(Data items)
————
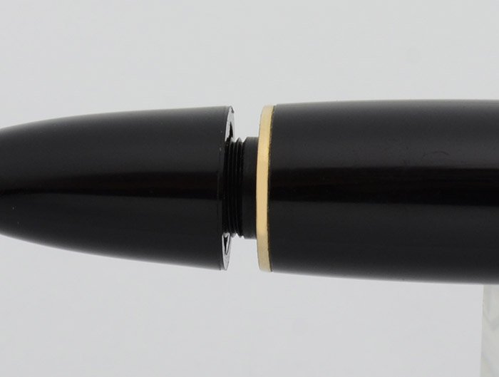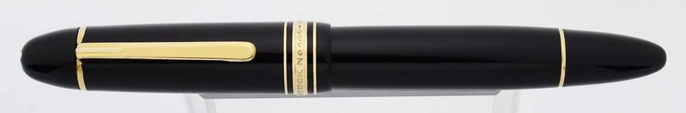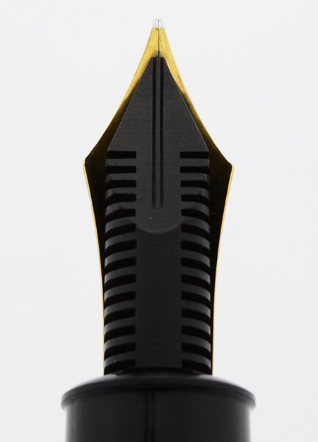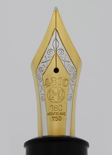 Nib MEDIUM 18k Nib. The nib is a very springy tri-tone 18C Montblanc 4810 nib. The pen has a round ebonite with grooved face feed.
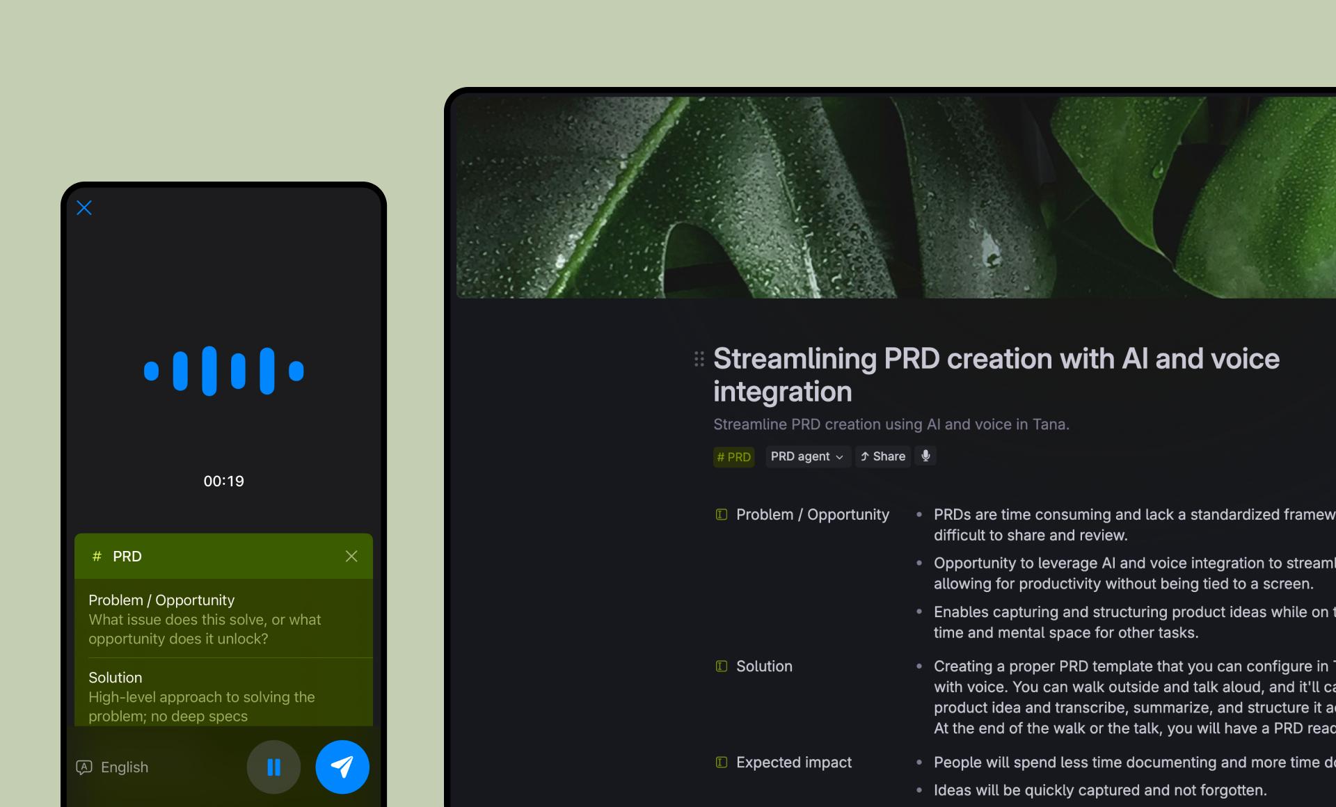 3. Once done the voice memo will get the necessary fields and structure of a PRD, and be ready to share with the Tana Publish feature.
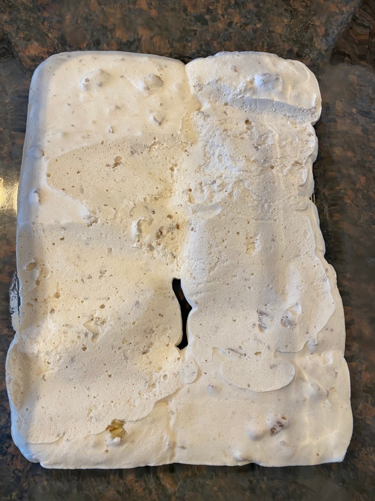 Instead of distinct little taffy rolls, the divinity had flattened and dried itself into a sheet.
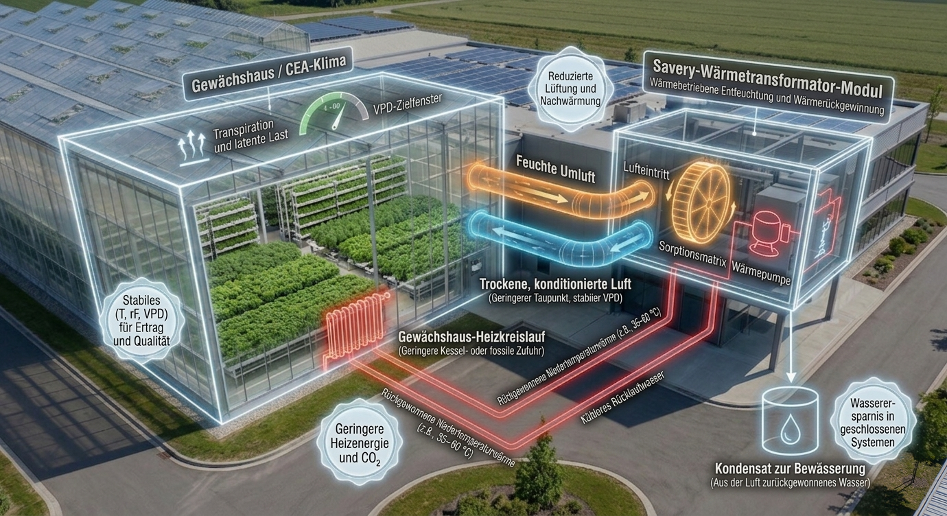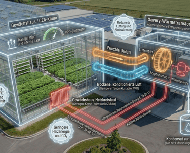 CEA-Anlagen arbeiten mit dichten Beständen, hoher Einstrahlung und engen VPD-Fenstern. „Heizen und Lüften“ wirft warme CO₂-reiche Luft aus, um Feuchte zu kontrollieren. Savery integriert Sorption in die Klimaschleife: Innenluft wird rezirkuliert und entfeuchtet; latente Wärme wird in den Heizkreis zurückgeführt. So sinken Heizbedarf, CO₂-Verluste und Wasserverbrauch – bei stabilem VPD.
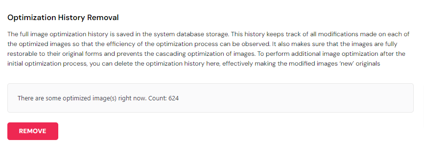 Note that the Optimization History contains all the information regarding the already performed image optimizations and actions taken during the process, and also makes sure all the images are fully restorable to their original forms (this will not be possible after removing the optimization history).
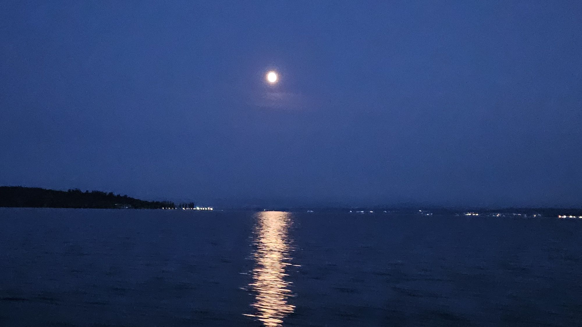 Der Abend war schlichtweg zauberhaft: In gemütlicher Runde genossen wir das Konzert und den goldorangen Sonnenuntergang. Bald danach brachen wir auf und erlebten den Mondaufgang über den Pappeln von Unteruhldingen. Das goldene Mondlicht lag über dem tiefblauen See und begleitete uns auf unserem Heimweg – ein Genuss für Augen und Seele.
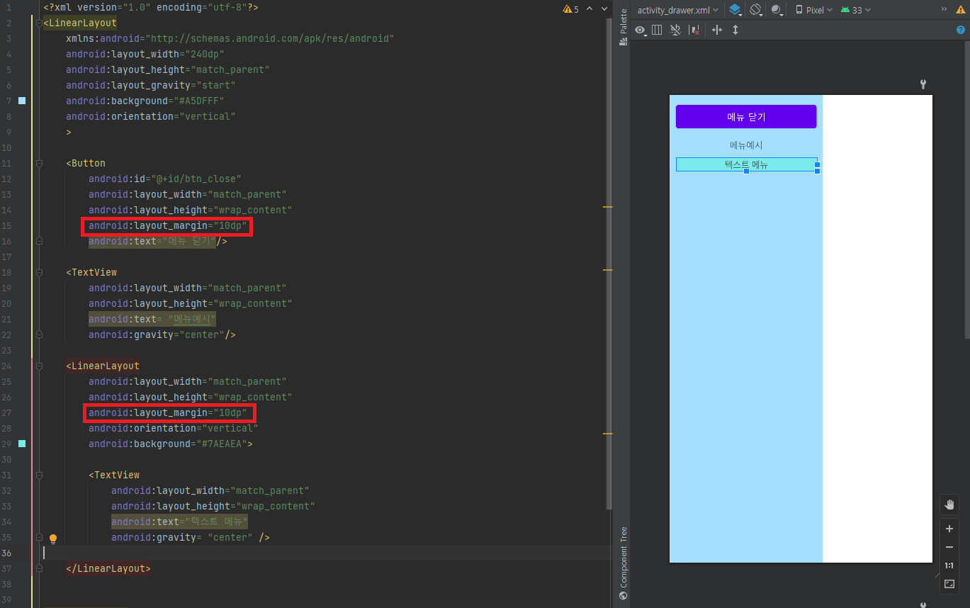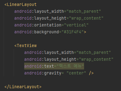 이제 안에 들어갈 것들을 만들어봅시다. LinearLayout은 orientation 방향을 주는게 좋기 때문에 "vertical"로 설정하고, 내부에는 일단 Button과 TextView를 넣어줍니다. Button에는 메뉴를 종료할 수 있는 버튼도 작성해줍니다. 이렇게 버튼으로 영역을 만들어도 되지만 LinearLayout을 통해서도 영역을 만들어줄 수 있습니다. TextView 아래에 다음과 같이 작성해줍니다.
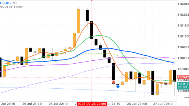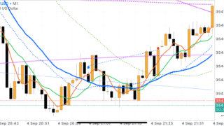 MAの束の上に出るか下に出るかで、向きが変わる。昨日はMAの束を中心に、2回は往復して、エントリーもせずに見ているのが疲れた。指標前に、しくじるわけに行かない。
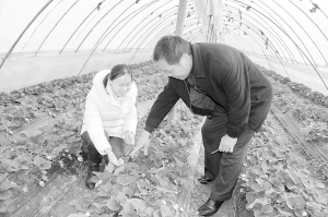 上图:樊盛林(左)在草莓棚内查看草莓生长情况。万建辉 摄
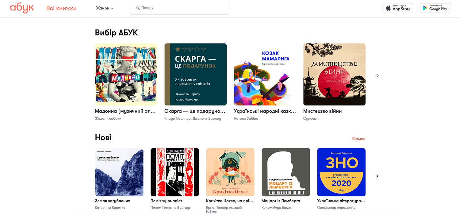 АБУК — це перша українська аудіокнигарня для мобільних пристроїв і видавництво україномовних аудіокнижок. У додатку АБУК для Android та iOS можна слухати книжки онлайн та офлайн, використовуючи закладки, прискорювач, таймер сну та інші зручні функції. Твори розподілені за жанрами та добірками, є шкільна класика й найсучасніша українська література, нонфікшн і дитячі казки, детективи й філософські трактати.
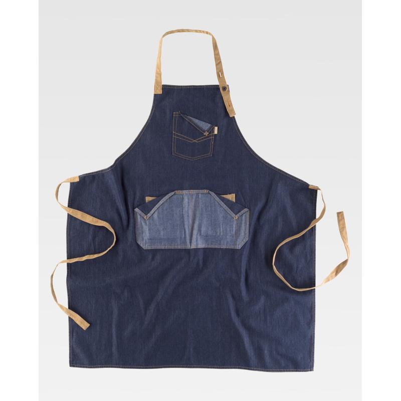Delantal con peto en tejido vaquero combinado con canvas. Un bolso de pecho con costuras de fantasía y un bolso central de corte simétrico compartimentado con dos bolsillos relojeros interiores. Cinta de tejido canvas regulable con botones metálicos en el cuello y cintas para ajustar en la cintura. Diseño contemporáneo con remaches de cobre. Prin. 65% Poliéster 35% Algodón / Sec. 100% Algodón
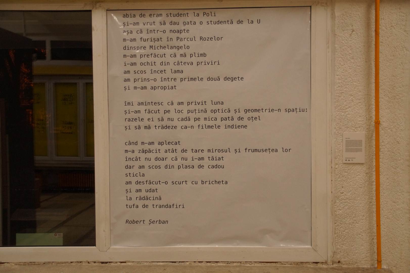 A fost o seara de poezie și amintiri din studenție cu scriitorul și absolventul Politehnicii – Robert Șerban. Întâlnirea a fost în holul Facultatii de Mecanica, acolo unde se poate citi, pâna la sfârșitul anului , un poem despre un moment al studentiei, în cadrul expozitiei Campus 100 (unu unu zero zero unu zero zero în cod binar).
————
Exercise goal ->
Using the data above, transcribe exactly the lines between those containing "이제 안에 들어갈 것들을" and "上图:樊盛林(左)在草莓棚内查看草莓生长情况。万建辉 摄", inclusive, and leave every picture behind.

Written response ->
 이제 안에 들어갈 것들을 만들어봅시다. LinearLayout은 orientation 방향을 주는게 좋기 때문에 "vertical"로 설정하고, 내부에는 일단 Button과 TextView를 넣어줍니다. Button에는 메뉴를 종료할 수 있는 버튼도 작성해줍니다. 이렇게 버튼으로 영역을 만들어도 되지만 LinearLayout을 통해서도 영역을 만들어줄 수 있습니다. TextView 아래에 다음과 같이 작성해줍니다.
 MAの束の上に出るか下に出るかで、向きが変わる。昨日はMAの束を中心に、2回は往復して、エントリーもせずに見ているのが疲れた。指標前に、しくじるわけに行かない。
 上图:樊盛林(左)在草莓棚内查看草莓生长情况。万建辉 摄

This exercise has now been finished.